◆ Instructions to follow: In the copy, include no images, and repeat each entry precisely as written.

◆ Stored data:
- - -
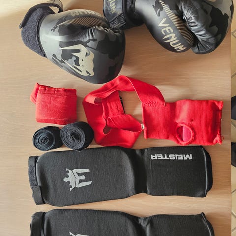 Olika handskar, benskydd och spaekmits och mer. Billigt! Skriv till mig vad du ville köpa.
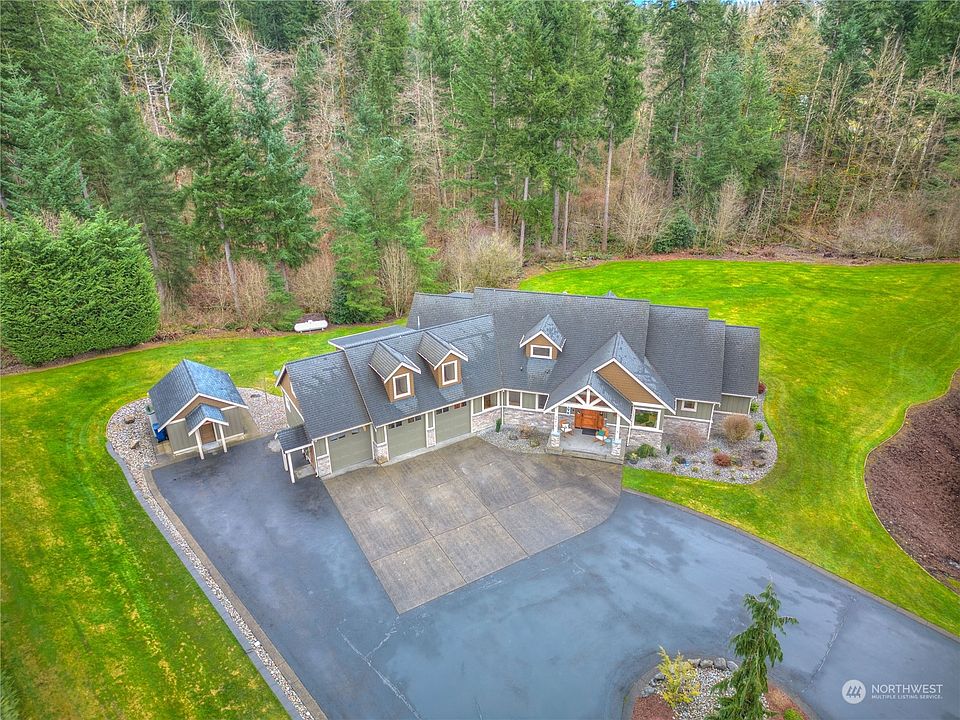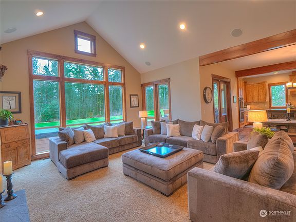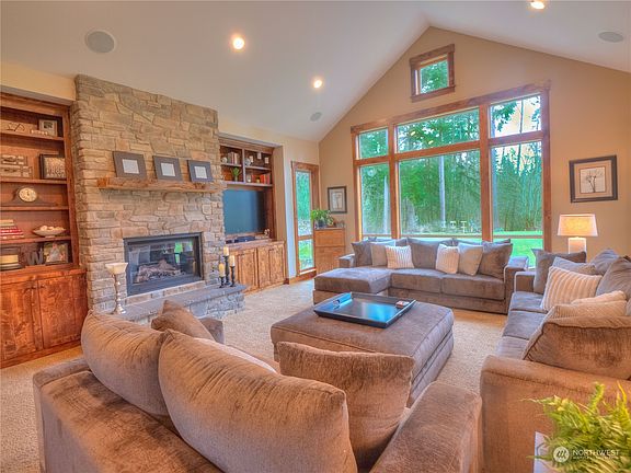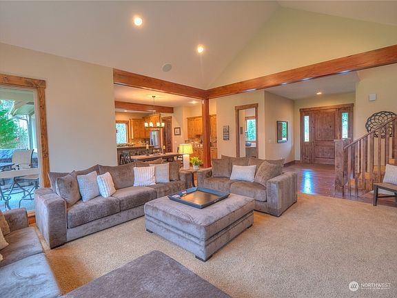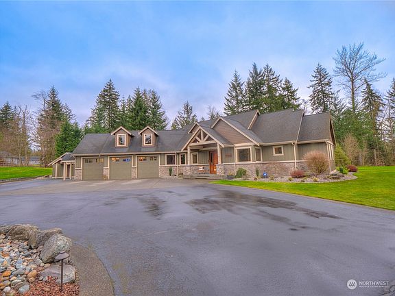 Custom 3,440SF home on 5 acres with no detail overlooked. Primary bedroom on main w/ 5-piece bath, heated Travertine floor, walk in tile shower, and huge walk thru closet. Chef’s kitchen w/ custom Alder cabinets, slab granite counters, 5-burner gas cooktop, large pantry, & separate coffee/wine bar. Great room concept w/ large dining area and vaulted ceilings, gas fireplace and custom built-ins. French doors lead to covered back patio & hot tub. 2 large bedrooms up w/ shared bath. Huge bonus room up w/ an additional finished room for hobby or 4th bedroom. Forced air furnace w/ heat pump & AC (new in 2018). 200SF detached flex room (gym or 2nd office) with heat/power/wifi. Gated drive. Xfinity connected. Too many details to list –A MUST SEE!
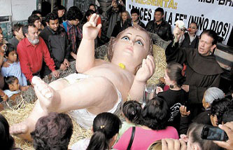 El Niño Dios está conformado por una estructura de acero soldada, además de su ropón y una silla de madera, la cual tiene cuatro metros de altura por 1.50 de ancho y dos metros de espesor.
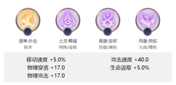 猎隼·扑击、土灵·赐福、青藤·坚韧、凤凰·焚焰
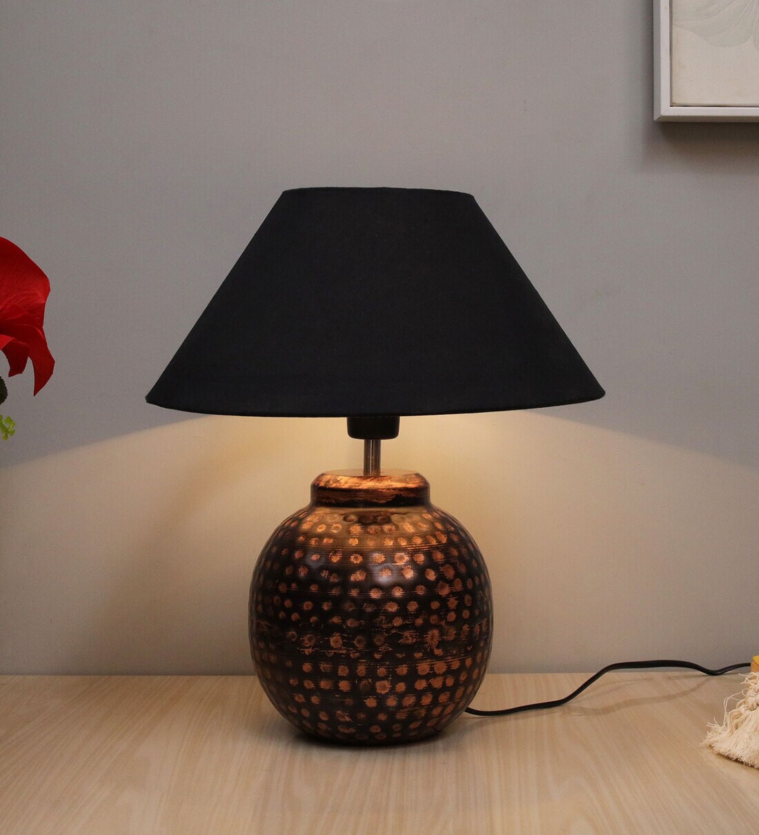 Black Shade Table Lamp With Metal Base
- - -
◆ Solution to this exercise:
 Olika handskar, benskydd och spaekmits och mer. Billigt! Skriv till mig vad du ville köpa.
 Custom 3,440SF home on 5 acres with no detail overlooked. Primary bedroom on main w/ 5-piece bath, heated Travertine floor, walk in tile shower, and huge walk thru closet. Chef’s kitchen w/ custom Alder cabinets, slab granite counters, 5-burner gas cooktop, large pantry, & separate coffee/wine bar. Great room concept w/ large dining area and vaulted ceilings, gas fireplace and custom built-ins. French doors lead to covered back patio & hot tub. 2 large bedrooms up w/ shared bath. Huge bonus room up w/ an additional finished room for hobby or 4th bedroom. Forced air furnace w/ heat pump & AC (new in 2018). 200SF detached flex room (gym or 2nd office) with heat/power/wifi. Gated drive. Xfinity connected. Too many details to list –A MUST SEE!
 El Niño Dios está conformado por una estructura de acero soldada, además de su ropón y una silla de madera, la cual tiene cuatro metros de altura por 1.50 de ancho y dos metros de espesor.
 猎隼·扑击、土灵·赐福、青藤·坚韧、凤凰·焚焰
 Black Shade Table Lamp With Metal Base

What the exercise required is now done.